During preproduction, one of the writers asked me whether I wanted all the setups numbered. She wanted to break each scene down into shots, camera angles, to take the movie that she imagined and convey it on the page.

This raises the question: what does a director NEED from a script? How much depth should a screenwriter go into, in terms of adding angles and camera moves?

It's important for a writer to communicate the way a scene should look and the way the viewers will see the action.

But if that writer expects every image to remain intact, from their mind's eye to the final product, they're going to be disappointed. There are too many people involved - designers, cinematographers, moneymen, and even the humble director.

I told the Captain Felder co-writer that I only needed the scenes numbered, with camera angles kept to a minimum.

After all, she was providing a READING SCRIPT - something that the actors could follow as well as the crew - not a SHOOTING SCRIPT, with all the technical directions included.

Unless you're asked to provide a shooting script, the only reason for you to include camera directions is if you can find no other way of depicting an image.

There's a scene description in Tom Schulman's screenplay of Dead Poet's Society where Keating (the Robin Williams character) gets onto a desk and quotes Walt Whitman.

It's a rousing scene in the movie; in the screenplay, it's conveyed with one simple, matter-of-fact line of text.

Schulman knew it wasn't his job to decide whether the camera should tilt up to Keating, or track or pan.

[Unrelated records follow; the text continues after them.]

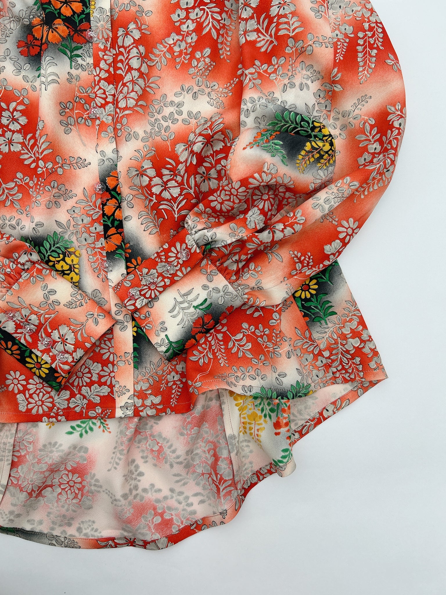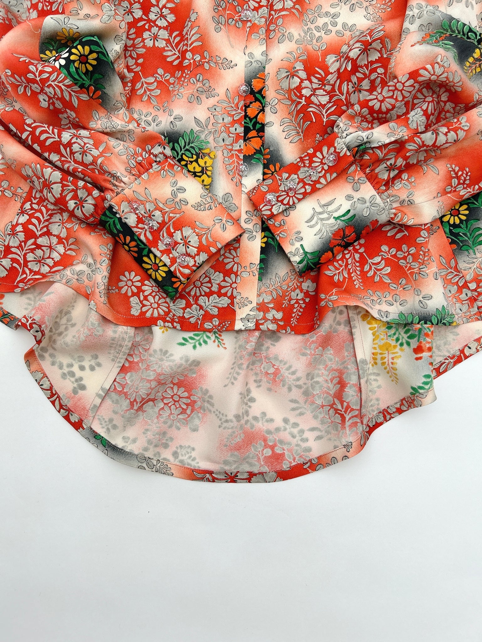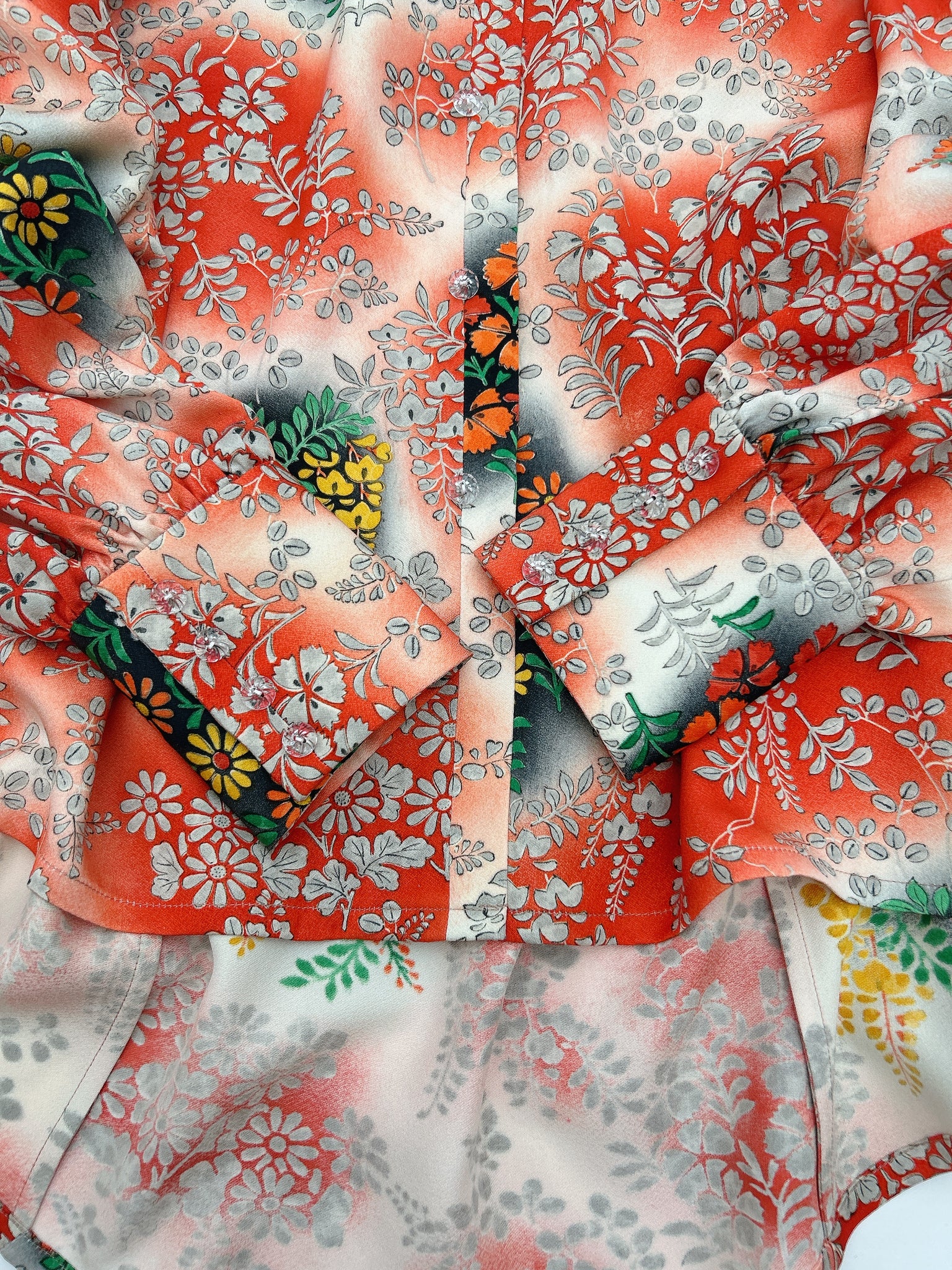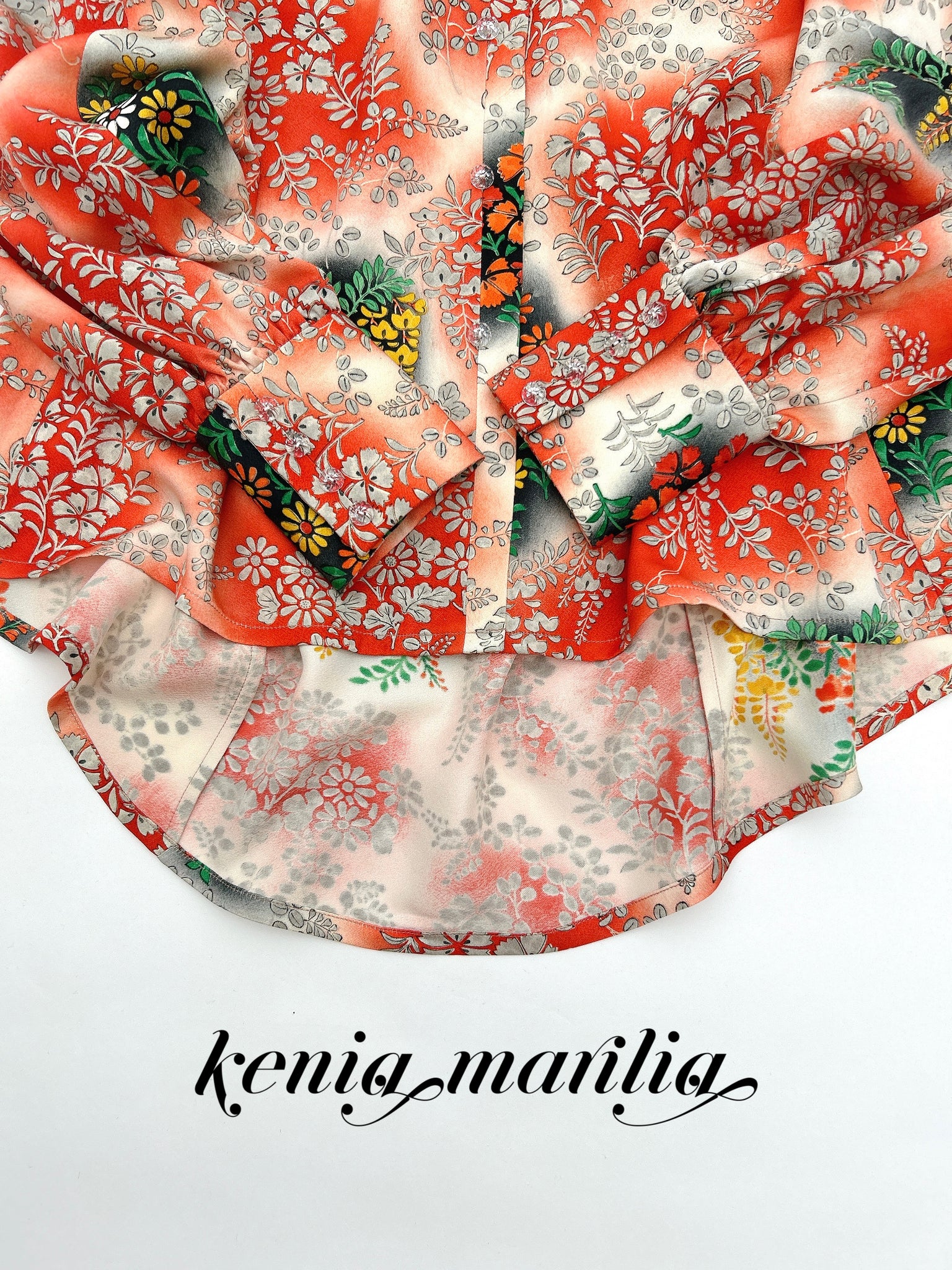 ⁑着物はシミや汚れ破れなどがつきもう着物としては着ることが難しくなったものや、ヴィンテージ、現代着物まで幅広く使用しておりますのでなるべくシミ汚れは逃がして仕立てております。が場合によっては少々アク、シミが付いてるものもございます。古いお着物の時代と時間の経過で現れるものですご理解のほどよろしくお願いもうしあげます。また正絹、化繊共に「防縮加工」をほどこしておりますのでご自宅でのお手入れが可能ですが、同じ色味艶状態を長く保たせるにはドライクリーニングがおすすめです。
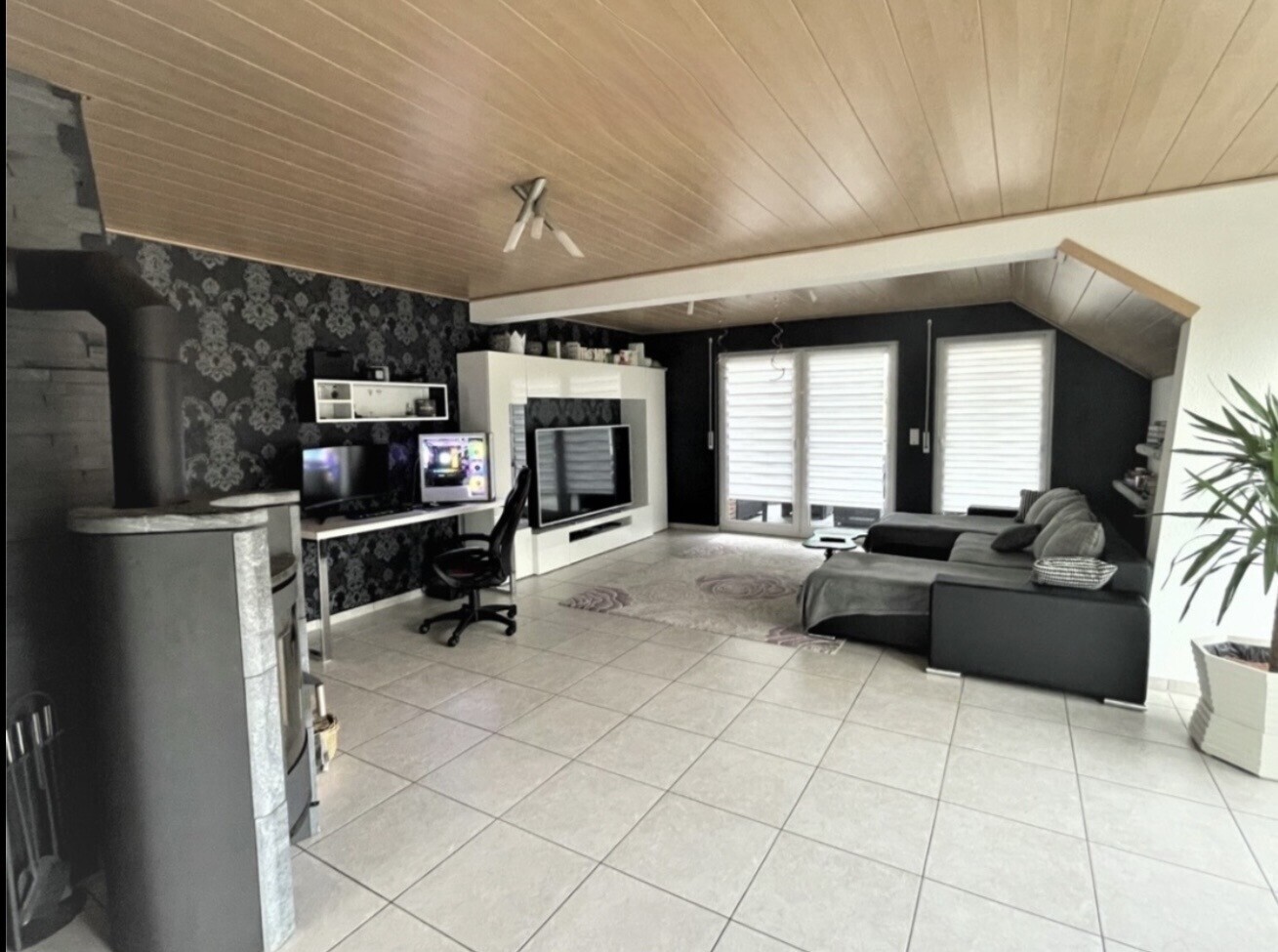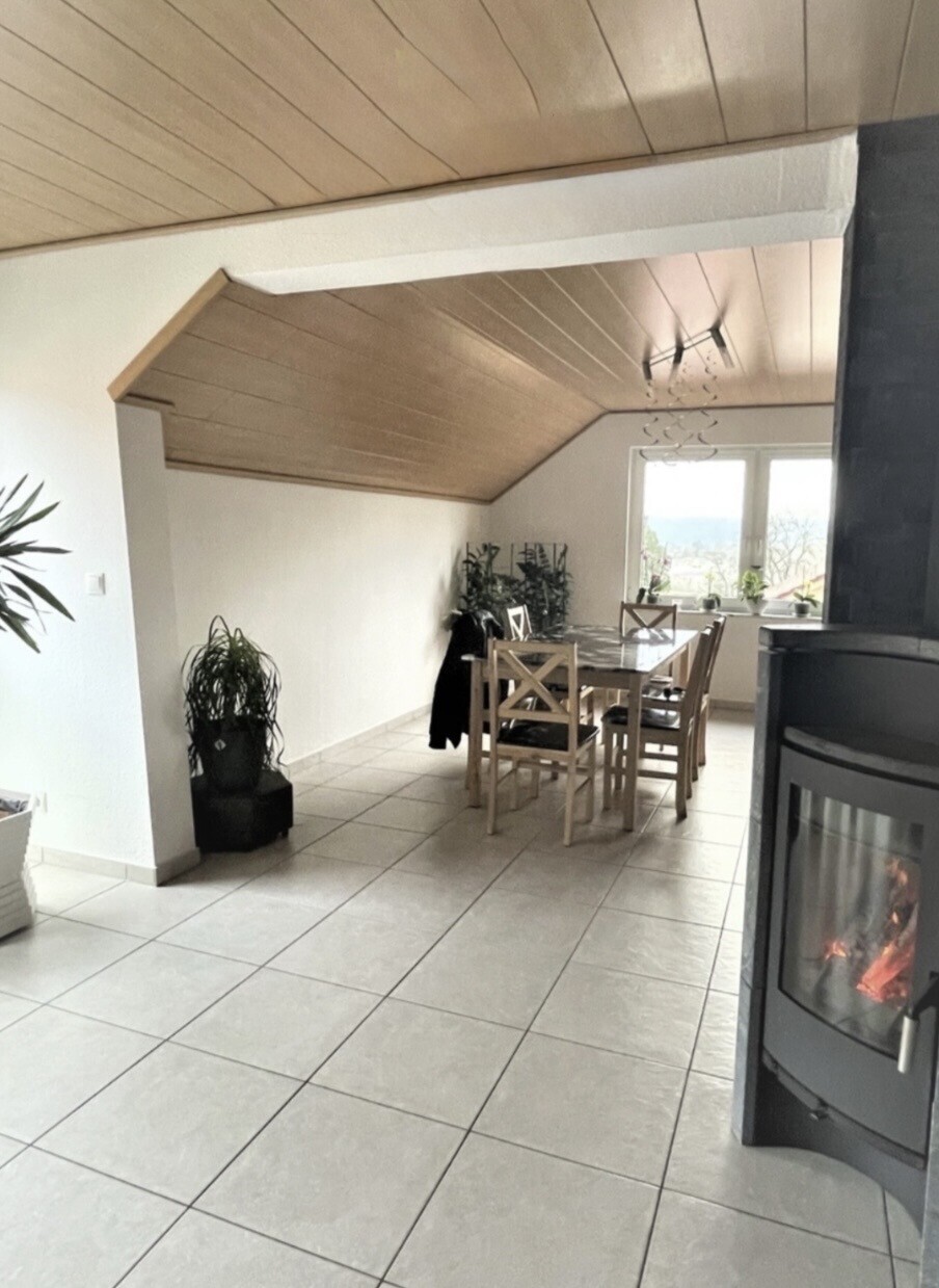 Die danebenliegende Wohnung Nr. 2 mit ca. 106 m² bietet eine Küche mit Abstellraum, ein Esszimmer, ein Wohnzimmer und ein Schlafzimmer, ein Arbeitszimmer sowie ein Bad, ein separates WC und eine Diele. Zusätzlich verfügt diese Wohnung über einen Kaminofen und einen Balkon.
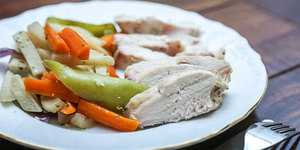 Переложить конверты с курицей и овощами в жаропрочную форму. Запекать в прогретой до 180 С духовке около 20 минут. Готовые овощи и нарезанную ломтиками куриную грудку разложить на тарелку.
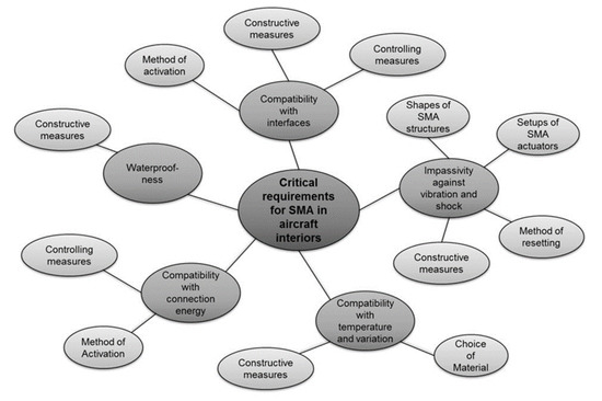 This paper evaluates possible applications for SMAs (Shape Memory Alloys) based on the requirements in the field of aircraft interiors. The authors gather requirements regarding industry standards and regulations by detailed literature research and lead user interviews. They develop a classification scheme for SMA-based actuators, which consists of SMA-specific technical attributes and requirements. This classification scheme allows one to evaluate the feasibility of using SMA-based systems in aircraft interiors. Furthermore, this paper clusters critical requirements and discusses solutions for limitations of SMAs in aircraft interiors. The authors identify critical and noncritical requirements for the implementation of SMA-based actuators. They suggest solutions for critical requirements in order to improve the possible range of applications for SMAs. The study exclusively regards the field of aircraft interiors and the currently existing industry standards and only indirectly takes laws into account. The evaluated requirements and proposed solutions can be transferred to other areas such as the automotive industry. This structured analysis of the feasibility of SMA-based systems in aircraft interiors is an innovative research work and, therefore, is valuable in order to benefit from the advantageous properties of SMAs.
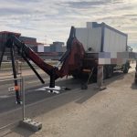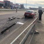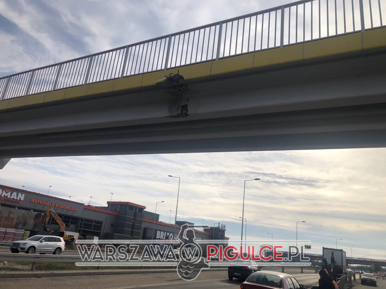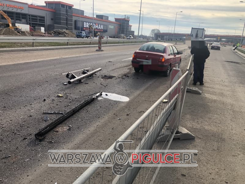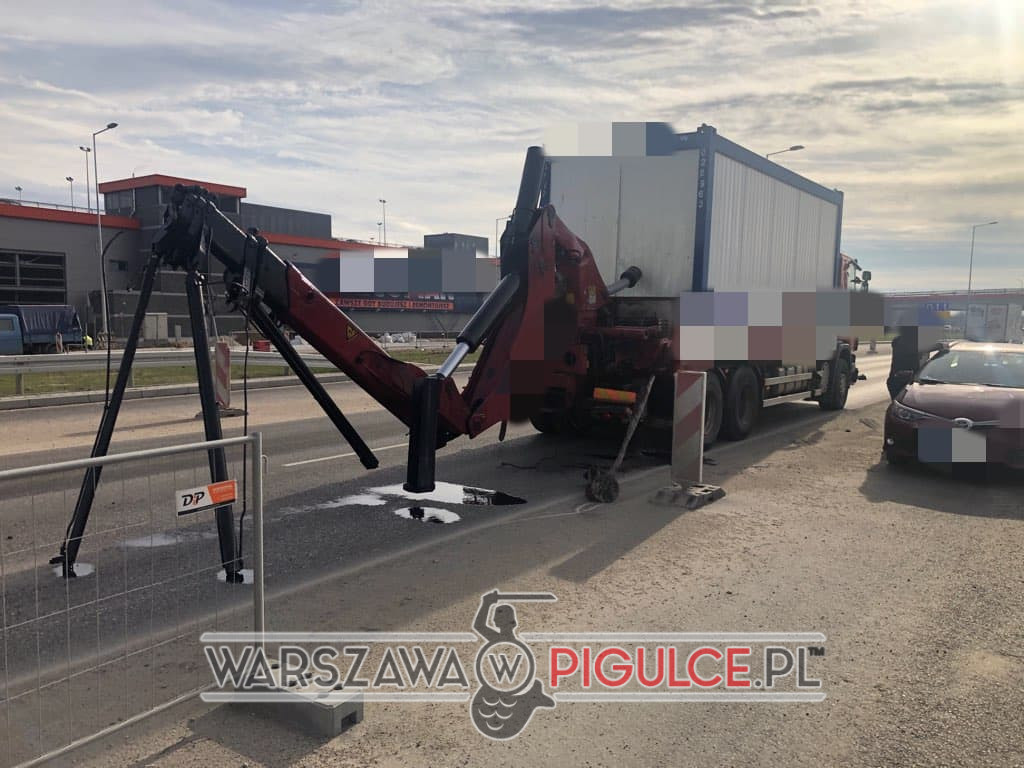 Na ulicy Przyczółkowej na wysokości ulicy Europejskiej kierujący ciężarówką nie złożył HDS-u i zahaczył o nową kładkę dla pieszych. W wyniku zderzenia z kładką części, które spadły na ulice uszkodziły samochód osobowy marki renault.
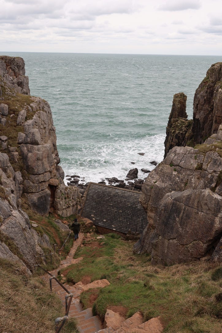 At the bottom of the steps, you find yourself level with the chapel’s roof. The building is literally wedged into a crack in the sandstone cliffs of South Wales, so that it looks as if it has grown from them :
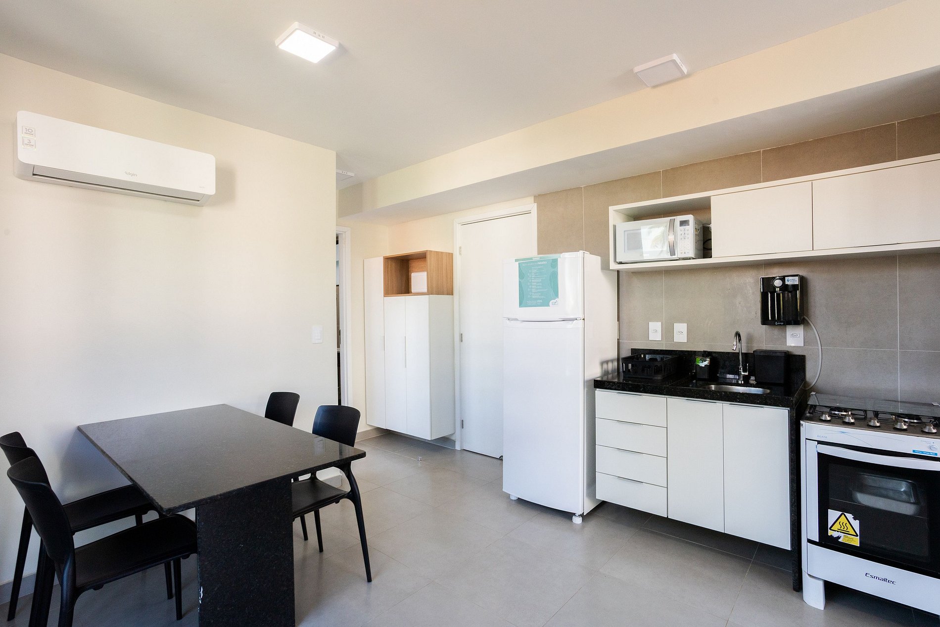 O apartamento possui todos os utensílios necessários para que você não precise se preocupar, inclusive enxoval de cama e banho. Você também encontrará ar condicionado split no quarto.

It was his job to write a script in simple language that was entertaining to read.

As a director, I changed the order of the shots and scenes for production purposes.

They"ll be put back in their original order in post production, and I'll be paying close attention to the original screenplay during the editing process (another good reason to keep the reading script simple).

The script itself is easy to follow, with a strong story and some powerful images; as a basic template for shooting a movie, that's all I or any other director could possibly need.